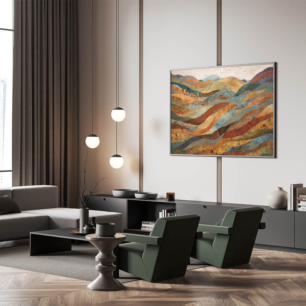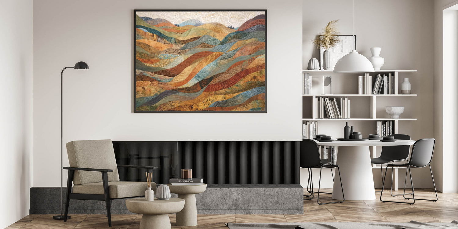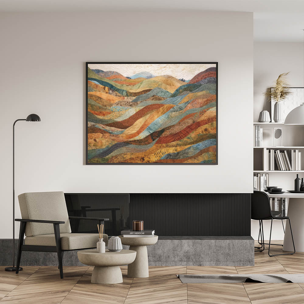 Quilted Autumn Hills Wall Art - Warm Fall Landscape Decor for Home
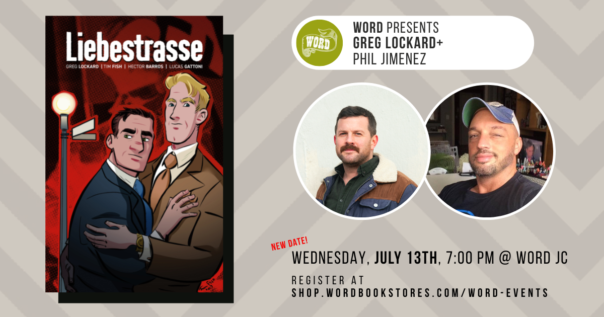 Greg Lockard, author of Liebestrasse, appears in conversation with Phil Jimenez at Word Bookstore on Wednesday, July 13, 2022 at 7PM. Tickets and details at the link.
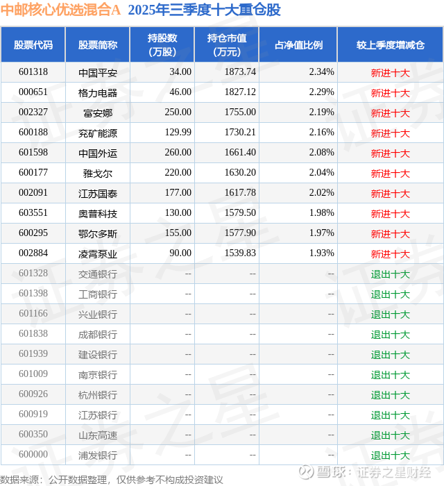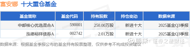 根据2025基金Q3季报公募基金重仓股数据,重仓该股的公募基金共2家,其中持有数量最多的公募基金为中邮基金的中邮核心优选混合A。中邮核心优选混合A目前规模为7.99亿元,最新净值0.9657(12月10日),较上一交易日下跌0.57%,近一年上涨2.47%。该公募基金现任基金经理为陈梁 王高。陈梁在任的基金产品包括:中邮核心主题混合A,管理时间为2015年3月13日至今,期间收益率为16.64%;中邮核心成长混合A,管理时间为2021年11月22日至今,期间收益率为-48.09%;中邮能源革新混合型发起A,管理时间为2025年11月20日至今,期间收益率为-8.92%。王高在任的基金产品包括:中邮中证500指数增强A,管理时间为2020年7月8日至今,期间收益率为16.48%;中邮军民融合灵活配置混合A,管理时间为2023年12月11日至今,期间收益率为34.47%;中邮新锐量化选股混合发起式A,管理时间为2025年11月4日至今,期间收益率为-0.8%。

...

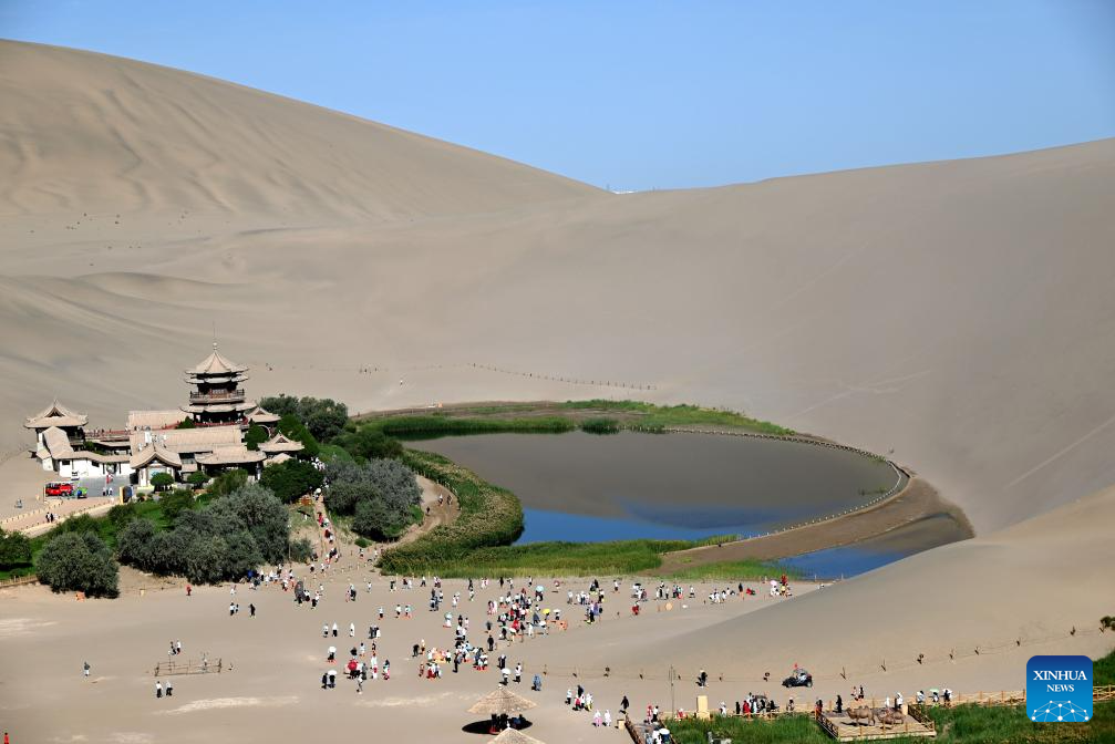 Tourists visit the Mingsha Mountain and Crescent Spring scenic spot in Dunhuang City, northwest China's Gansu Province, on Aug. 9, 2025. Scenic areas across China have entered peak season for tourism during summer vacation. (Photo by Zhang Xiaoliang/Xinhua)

**Exercise requirements**
Output exactly, and only, the lines of the entries above from the one with "Greg Lockard, author" up to and including the one with "根据2025基金Q3季报公募"; pictures are to be left out.

**Answer space**
 Greg Lockard, author of Liebestrasse, appears in conversation with Phil Jimenez at Word Bookstore on Wednesday, July 13, 2022 at 7PM. Tickets and details at the link.
 根据2025基金Q3季报公募基金重仓股数据,重仓该股的公募基金共2家,其中持有数量最多的公募基金为中邮基金的中邮核心优选混合A。中邮核心优选混合A目前规模为7.99亿元,最新净值0.9657(12月10日),较上一交易日下跌0.57%,近一年上涨2.47%。该公募基金现任基金经理为陈梁 王高。陈梁在任的基金产品包括:中邮核心主题混合A,管理时间为2015年3月13日至今,期间收益率为16.64%;中邮核心成长混合A,管理时间为2021年11月22日至今,期间收益率为-48.09%;中邮能源革新混合型发起A,管理时间为2025年11月20日至今,期间收益率为-8.92%。王高在任的基金产品包括:中邮中证500指数增强A,管理时间为2020年7月8日至今,期间收益率为16.48%;中邮军民融合灵活配置混合A,管理时间为2023年12月11日至今,期间收益率为34.47%;中邮新锐量化选股混合发起式A,管理时间为2025年11月4日至今,期间收益率为-0.8%。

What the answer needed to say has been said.